I never chose to divorce my first husband; and in all honesty I don’t really think I would/could make that choice. I know in my heart of hearts that if I were not now married to someone else, I would be living with and be fully committed to loving my first husband as I write this. I admit to the possibility that if God had so clearly lead me to divorce my first husband as He did lead those who took over my life for me, then I might have divorced him to protect my children while they were young and vulnerable to his abuse (the whole time I was married to him he never directed his abusive temper at them; but if he had I might have seen the necessity to remain separate from him until they were adults).
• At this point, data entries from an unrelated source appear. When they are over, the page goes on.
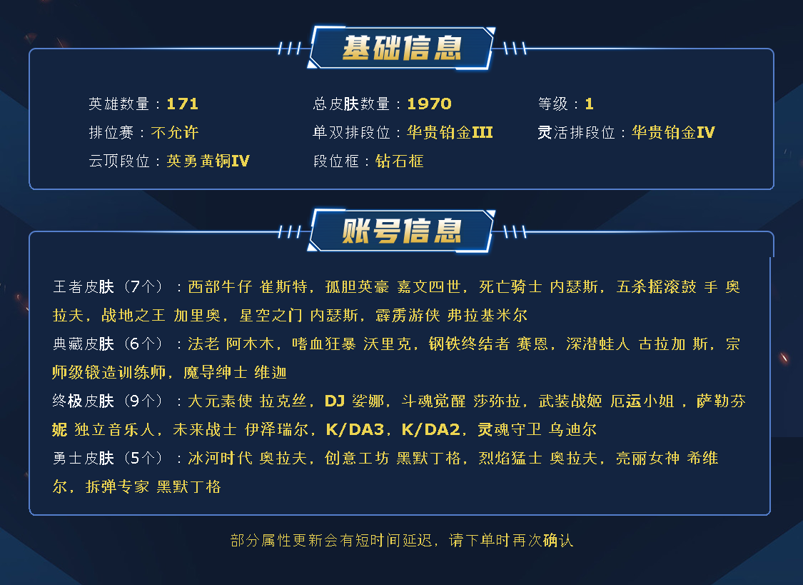 【毁号涉及毁坏虚拟财产罪及计算机安全罪】PS:本公司有专门的售后团队和法务部,如开挂、鼠标宏,第三方软件等原因造成账号封禁财产收到损害。安徽刀锋互娱配合起诉立案,必追责索赔到底。避免给自己带来不必要的麻烦,还请健康文明游戏!禁止开挂异常游戏 ⭐账号信息 ⭐店铺每天都会更新各种优质账号⭐喜欢可右上角收藏、方便下次租用。祝亲游戏愉快!!!【如遇上不了号咨询客服,客服24小时配合上号】
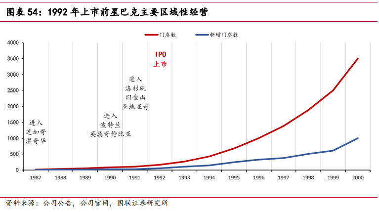 第一阶段——区域性扩张(1971年-1992年):1982年霍华德·舒尔茨加入星巴克担任营销总监,他曾向创始人建议门店引入现做咖啡但遭遇碰壁,于是在1985年选择离职创办自己的连锁咖啡店II Giornale。1987年管理层决定出售星巴克在西雅图的零售部门,舒尔茨正式借此良机收购了星巴克,并要求门店提供现做浓缩咖啡。随后,在舒尔茨的管理下星巴克迅速开始向全美各地扩张,并于1992年6月以每股17美元的价格于纳斯达克上市,上市前门店总数达到165家,仅覆盖美国和加拿大八个城市,分别是西雅图、芝加哥、温哥华、英属哥伦比亚、波特兰、洛杉矶、旧金山、圣地亚哥。
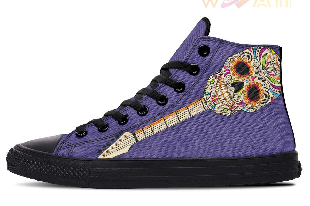 This Sugar Skull Guitar High Top Canvas Shoes was originally designed to be basketball shoes. These women’s and men’s casual shoes have become the go to walking shoes for just about any situation.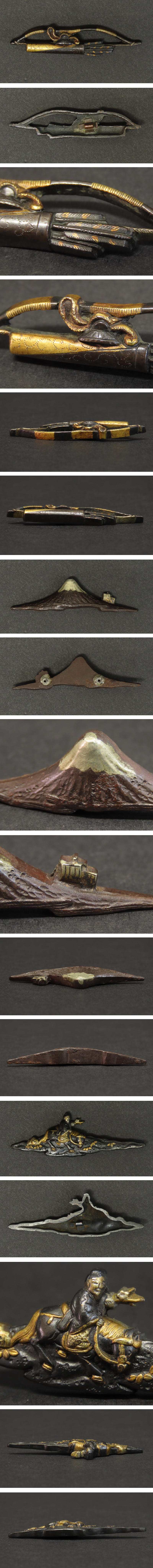 【月】【目貫 縁頭 特集068】銅地・鉄地目貫3点 弓矢図 富士山図 騎馬図 金銀象嵌 / 刀装具 武具 刀剣 金工 鉄鍔 收藏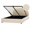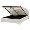 Minimalistisches Doppelbett mit halbrundem Kopfteil, hochklappbarem Lattenrost und praktischem Stauraum. Wenn Sie in Ihrem Schlafzimmer einen edlen Retro-Stil anstreben, sollten Sie auf angenehm weiche Stoffe und klassische Farben setzen. Kein anderes Bett passt besser zu diesem Einrichtungsstil als dieses hellbeiges Stoffbett. Die Polsterung fühlt sich nicht nur angenehm an, sondern ist auch pflegeleicht und langlebig – dank ihr wird das Möbelstück viele Jahre lang halten. Das Doppelbett verfügt über einen Stauraum, der es Ihnen ermöglicht, Ihre zusätzlichen Kissen und Ihr Bettzeug griffbereit aufzubewahren. Das hohe, gepolsterte Kopfteil sorgt dafür, dass Sie sich bequem anlehnen können.
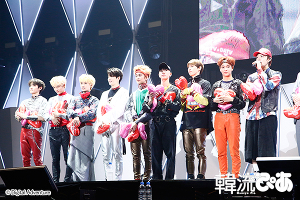 NCTには、関西出身の日本人のメンバーのユウタがおり、MCでも大活躍。関西弁で「僕たち緊張しとって」と、初々しくはにかみ、このステージで「NCTの魅力を見せられたら」と意気込みを語る。また、「(他の)かっこいい先輩たちに見惚れんとってな!」と茶目っ気たっぷりで、「これから日本でも活動できるように頑張りますので、みなさん、期待してください!」と呼びかけた。そして、今年7月にデビューした7人組ユニット、NCT 127(エヌシーティー・イチニイナナ/イルイーチル)のステージへとつなぎ、7人は、『Once Again』とデビュー曲『Fire Truck』のダイナミックなパフォーマンスで会場を沸かせた。

Yet my strong commitment to marriage makes me extremely committed to being all the wife my now husband desires. Although he was a stranger to me when I first came back to current time, I was no stranger to him. He has loved me tenderly and with extreme patience and kindness. I can find nothing in this man not to love and be completely committed to. God has shown tremendously generous tender loving care and mercy in bringing this marriage into existence. I would be a fool to do anything to dishonor or injure it.

So you see, I am at polar opposite extremes with myself. My counselor is encouraging me to be patient with myself and give myself time to mentally and emotionally adjust/adapt to my current living situation. I am trying to do that, but each day I live as my dear Beloved’s wife, I must make choices in thought and behavior, word and deed that either strengthen or undermine my current marriage. I am choosing to do and say what I can to nurture and support the marriage I am now in, while being honest with myself about the conflict that tears at my heart and sense of integrity.
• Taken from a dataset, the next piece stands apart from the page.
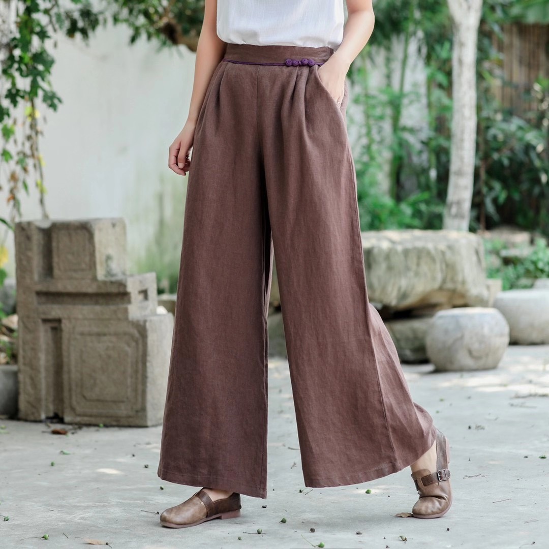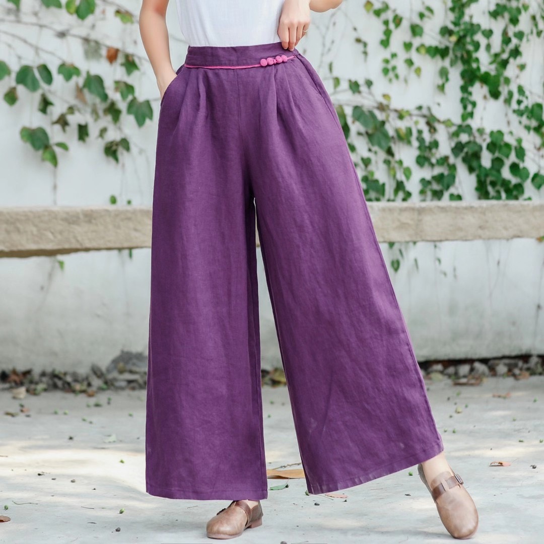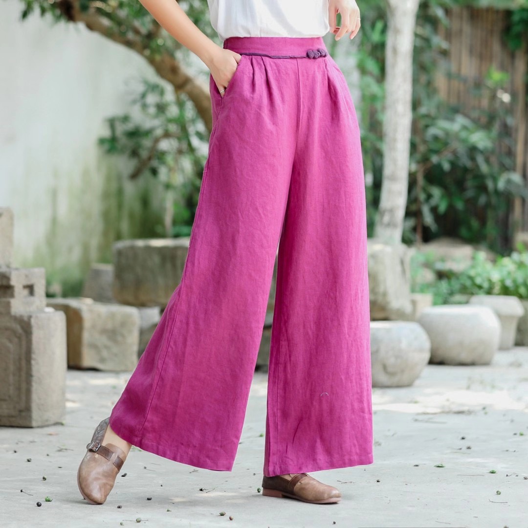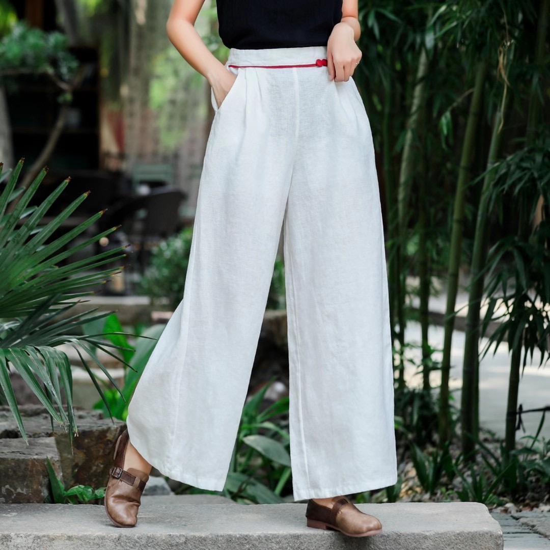 Product material:Material: HempDetails:Size: All sizeFabric: HempStyle: CommuterCommute: RetroWomen's trousers waist height: High waistThickness: ConventionalLength: TrousersWomen's trousers type: Straight pants

As I said in the start of this post, it is a unique situation yet it is not so far different from others who may have gotten carried away in an affair or reconnected with an old flame with whom there had never been good closure and healing. These people may, like me, find themselves with very conflicting feelings and thoughts. If you are one who can relate to my dilemma, then perhaps you will resonate with my resolve to stay honest about confusing and mixed thoughts/feelings while simultaneously taking great care to honor the marriage commitment you are currently in.
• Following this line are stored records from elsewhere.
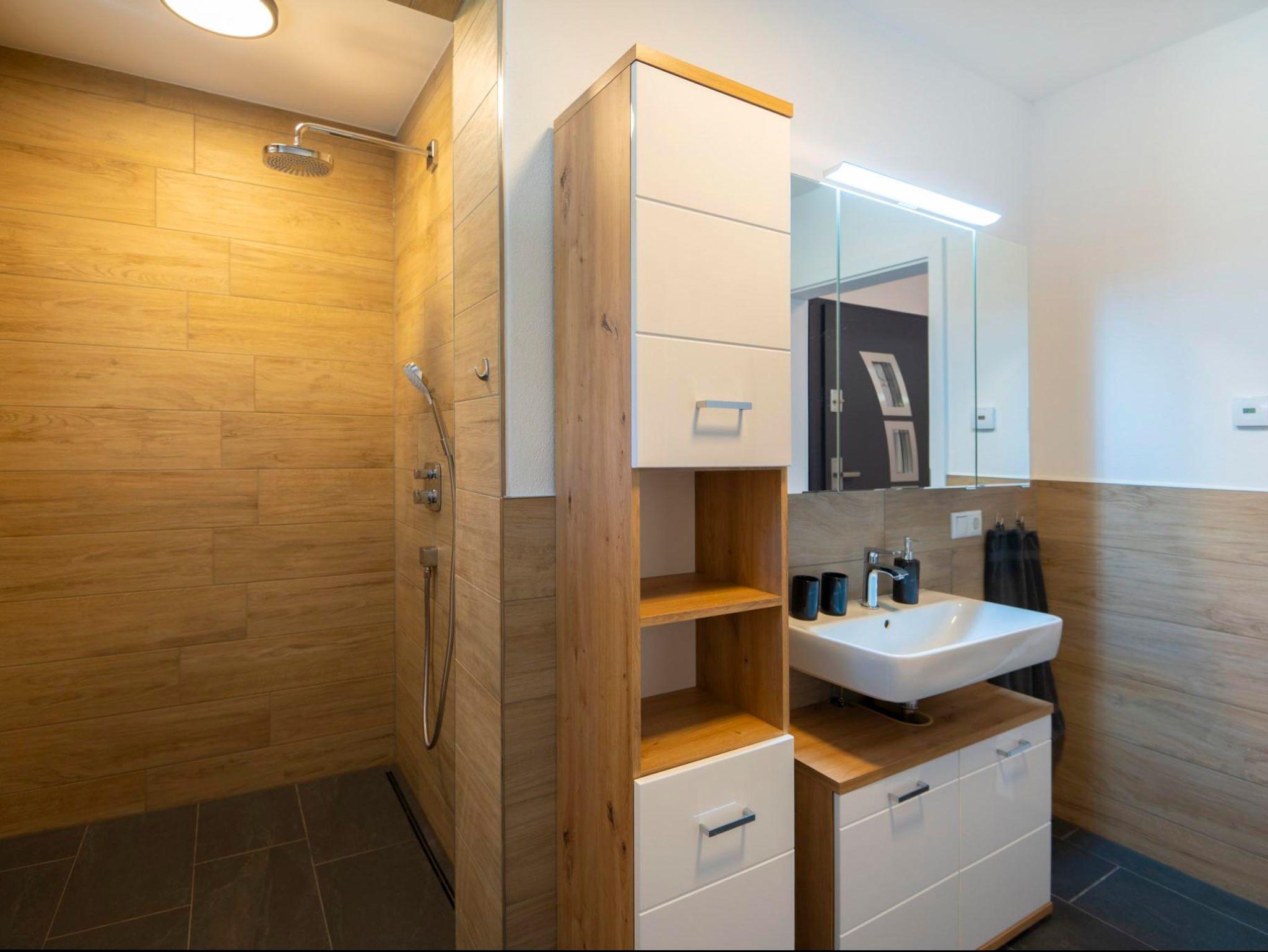 Genießen Sie auch hier den Luxus eines großen Balkons, den Sie vom Wohnzimmer aus erreichen. Er bietet Ihnen einen zauberhaften Blick auf die umliegende Landschaft und lädt zum Verweilen ein.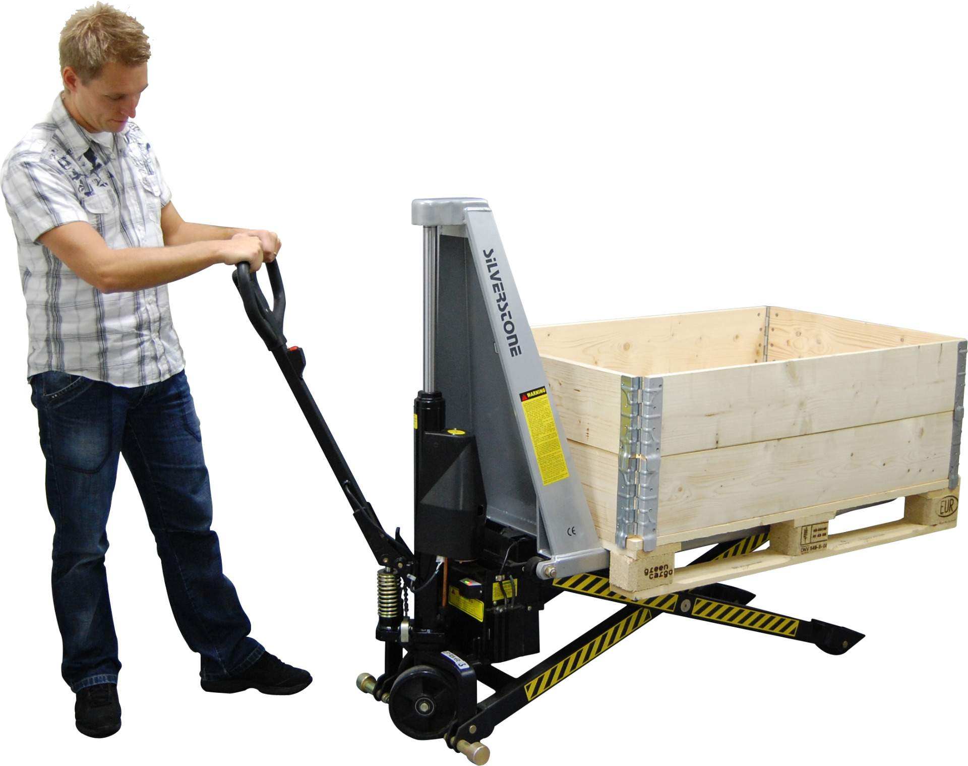 SE1056 har en inbyggd laddare med ett 60Ah/12V batteri som standard vilket ger många driftstimmar per laddning. SE1056 har snabba lyft- och sänkhastigheter. Polyuretanhjul.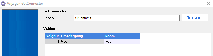 In het venster “Wijzigen GetConnector” dient voor elk veld de “Naam” overeen te komen met de “Omschrijving” (dit is hetzelfde als “Veld” in de “Wizard gegevensverzameling”):

I have talked tenderly and carefully to my beloved about the situation I find myself in; and I have asked him to please be patient and give me a sabbatical from physical intimacy while I sort out my thoughts and feelings and endeavor to come to a place where I can again fully offer all that I am to being all that he desires/needs me to be. You may feel the need to do the same. If so, I strongly encourage you to be fully honest and disclosing to someone you can trust to be a good counselor and guide; and also to do the things you are able to nurture the relationship you currently have w/ your dear husband/wife.